川本貴裕「6番目の殺人」(2017年6月5日第1刷発行)

「前田千佳と古堀紗南は、紗南の大学進学を機に、アパートで二人暮らしを始める。
 二人が入った「201号室」は事故物件で、家賃のわりにいい部屋であった。
 大家は離れの一軒家に住み、住民は、
 階下の101号に、母と幼い息子の母子家庭。
 隣の202号に、何を考えているのかわからない、長い黒髪の女性。
 階上の301号には、駅前の交番に勤める警察官の男性。
 千佳と紗南が越した夜から、二人は度々、奇怪な現象に見舞われる。
 二階の窓の外に映る人影。
 帰り道の、紗南の背後にまとわりつく、生々しい気配。
 そして、窓の外を落下して、消えた男性の幽霊…。
 二人は、大家にお祓いをお願いするが、返事だけで一向にする気配はない。
 また、住人に部屋のことについて聞き込みをするも、一見、平凡そうな彼らは決して見かけ通りではなかった。

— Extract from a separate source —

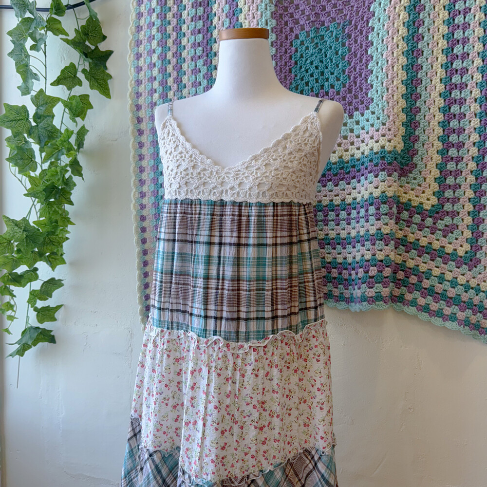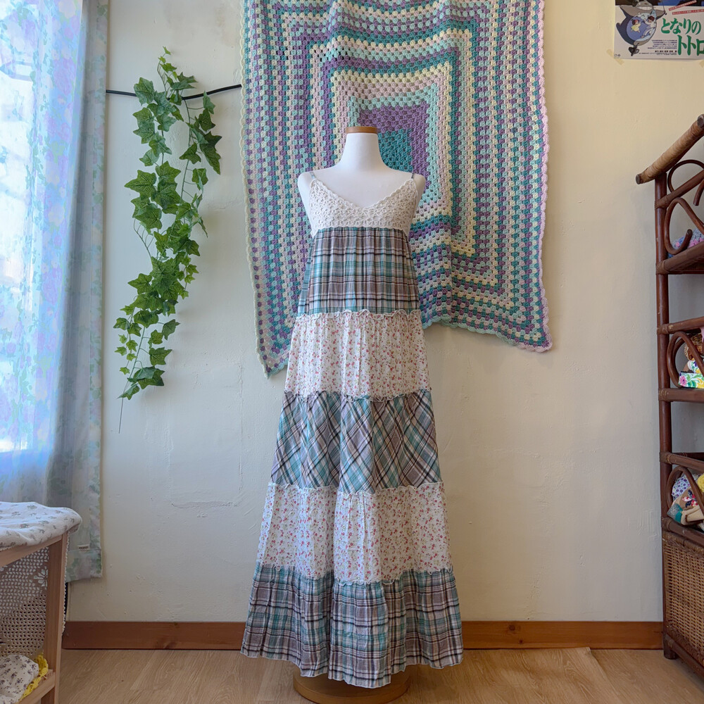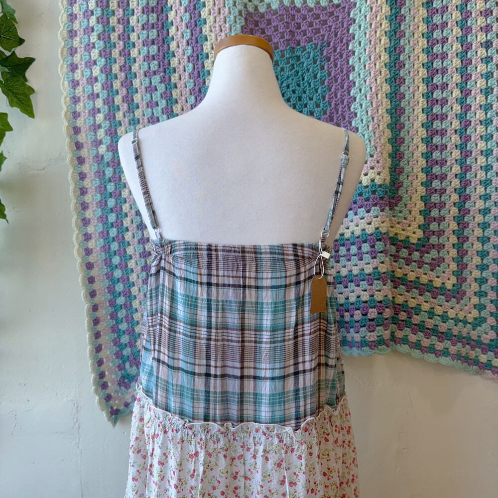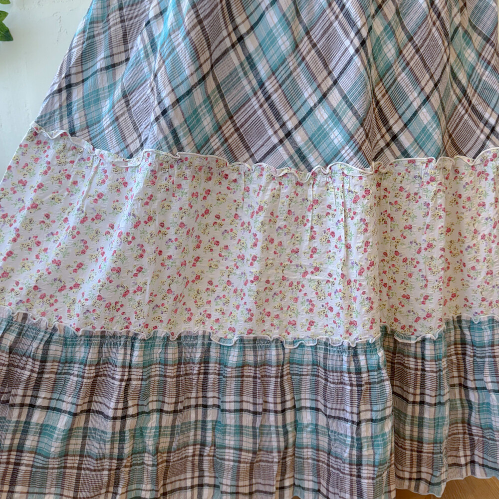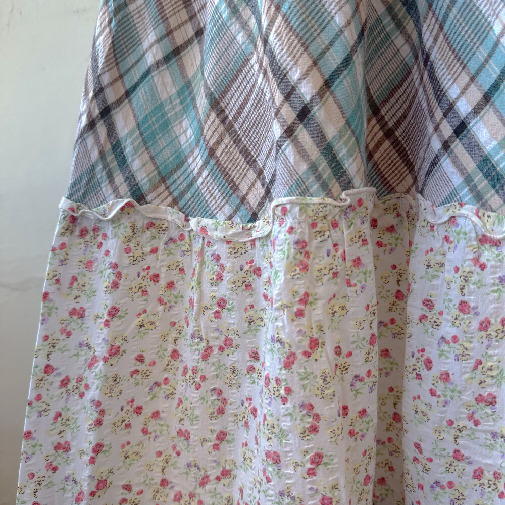청록 체크, 꽃무늬 조합의 패치 코튼 끈원피스예요
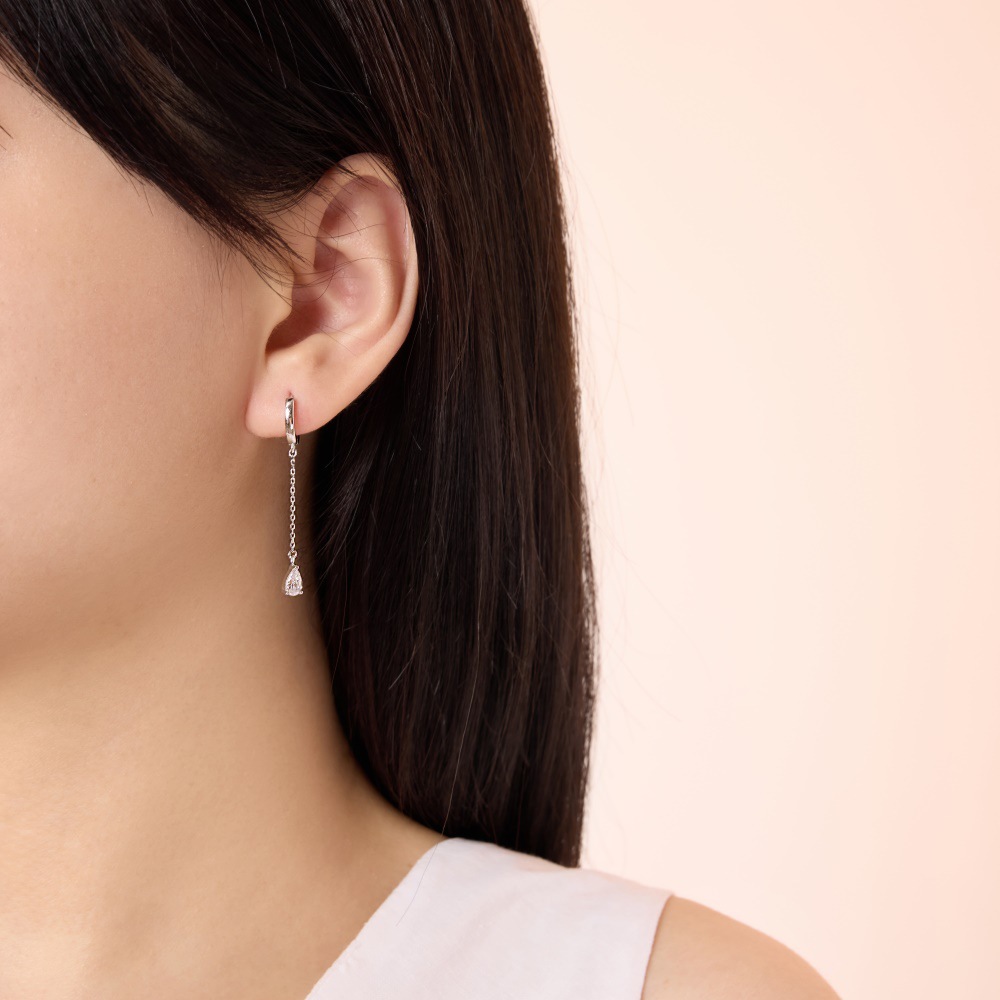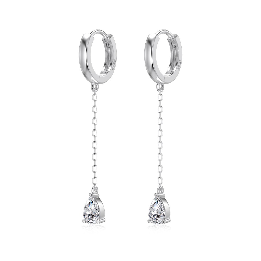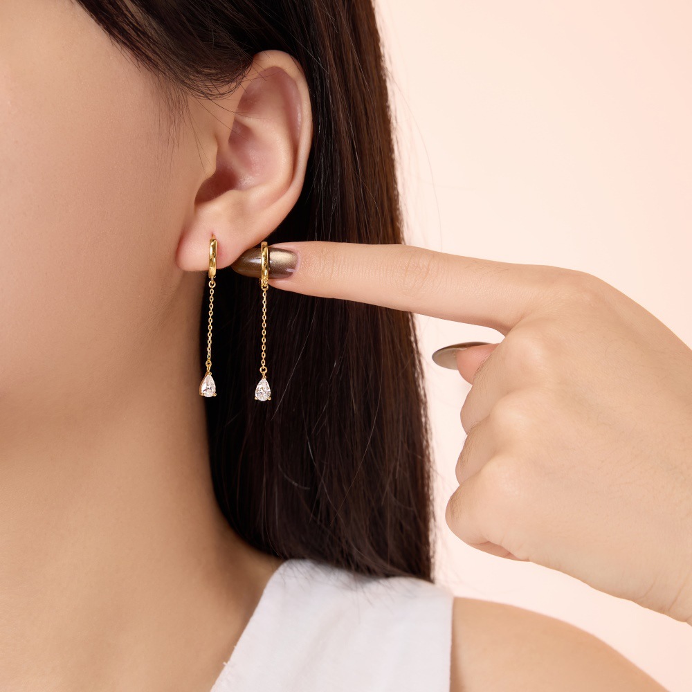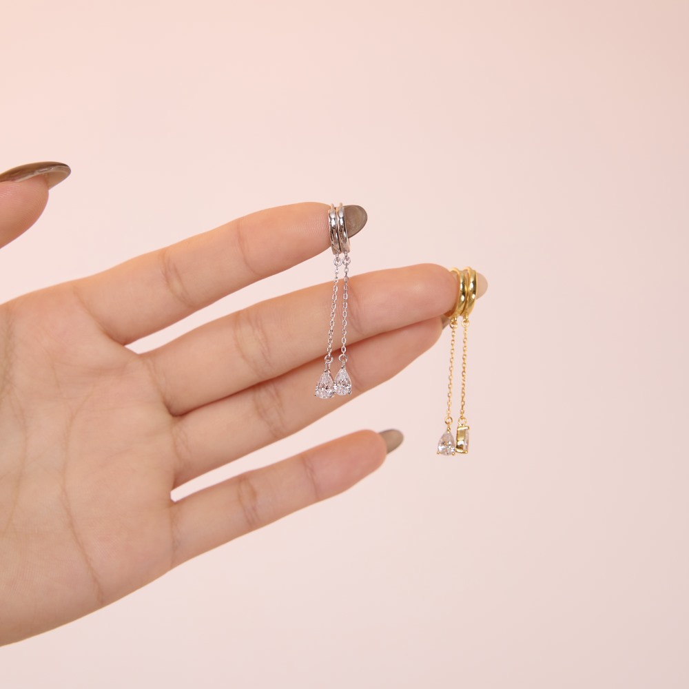 Capitalize on the massive "ear stacking" and kinetic jewelry trends with our Wholesale 925 Silver Teardrop Chain Drop Huggie Hoops. Dangle huggies are incredibly strong retail drivers that appeal to a wide demographic. This highly commercial SKU features a classic polished hoop suspending a delicate chain and a brilliant, three-prong set teardrop crystal. Available in highly requested silver and gold finishes, these hypoallergenic S925 earrings deliver exceptional movement and premium boutique-level perceived value. A mandatory, fast-turning anchor for your "Everyday Luxury" and "Modern Edge" collections.

 新聞記事で調べても成果は上がらず、紗南はパソコンでの検索を思い付く。
 すると、あるオカルトのサイトで、彼女達の部屋は「三年おきにアパート住人が消える」部屋と紹介されていた。
 そして、彼女達が入居したのが、最後にアパートの住人が消えて、ちょうど三年後であった。
 過去、この部屋の住人に何が起こったのであろうか…?  千佳と紗南はそれを突き止めようとするのだが…」
(「ヤングアニマル増刊'嵐'」2016年No.8〜2017年No.4/各章のタイトルは省略いたします)

 事故物件にまつわる幽霊ものかと思いきや、後半、サイコ・スリラーにシフト・チェンジします。
 なかなか面白いですが、後半、もっと幽霊を活躍させても良かったかも。
 あと、第一話の大家のセリフ「あの部屋で大丈夫なのかねえ」が、後半の展開を考えると、違和感を感じます。